**Prompt:** Return every line below exactly, leaving nothing out.

(Items from a data source)
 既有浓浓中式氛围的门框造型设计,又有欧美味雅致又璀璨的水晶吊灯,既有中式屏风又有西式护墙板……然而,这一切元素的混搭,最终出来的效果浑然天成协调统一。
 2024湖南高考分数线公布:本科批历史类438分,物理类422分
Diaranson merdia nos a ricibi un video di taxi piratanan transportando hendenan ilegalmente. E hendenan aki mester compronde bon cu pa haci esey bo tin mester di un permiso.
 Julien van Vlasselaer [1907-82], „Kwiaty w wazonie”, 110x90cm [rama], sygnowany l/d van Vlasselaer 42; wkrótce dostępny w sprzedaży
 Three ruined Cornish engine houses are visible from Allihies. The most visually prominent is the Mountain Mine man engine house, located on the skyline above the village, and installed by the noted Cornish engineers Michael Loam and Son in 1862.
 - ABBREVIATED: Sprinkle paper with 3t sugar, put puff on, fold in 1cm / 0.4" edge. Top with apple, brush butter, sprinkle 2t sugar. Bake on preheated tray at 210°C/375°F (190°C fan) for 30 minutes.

**Written answer:**
 既有浓浓中式氛围的门框造型设计,又有欧美味雅致又璀璨的水晶吊灯,既有中式屏风又有西式护墙板……然而,这一切元素的混搭,最终出来的效果浑然天成协调统一。
 2024湖南高考分数线公布:本科批历史类438分,物理类422分
Diaranson merdia nos a ricibi un video di taxi piratanan transportando hendenan ilegalmente. E hendenan aki mester compronde bon cu pa haci esey bo tin mester di un permiso.
 Julien van Vlasselaer [1907-82], „Kwiaty w wazonie”, 110x90cm [rama], sygnowany l/d van Vlasselaer 42; wkrótce dostępny w sprzedaży
 Three ruined Cornish engine houses are visible from Allihies. The most visually prominent is the Mountain Mine man engine house, located on the skyline above the village, and installed by the noted Cornish engineers Michael Loam and Son in 1862.
 - ABBREVIATED: Sprinkle paper with 3t sugar, put puff on, fold in 1cm / 0.4" edge. Top with apple, brush butter, sprinkle 2t sugar. Bake on preheated tray at 210°C/375°F (190°C fan) for 30 minutes.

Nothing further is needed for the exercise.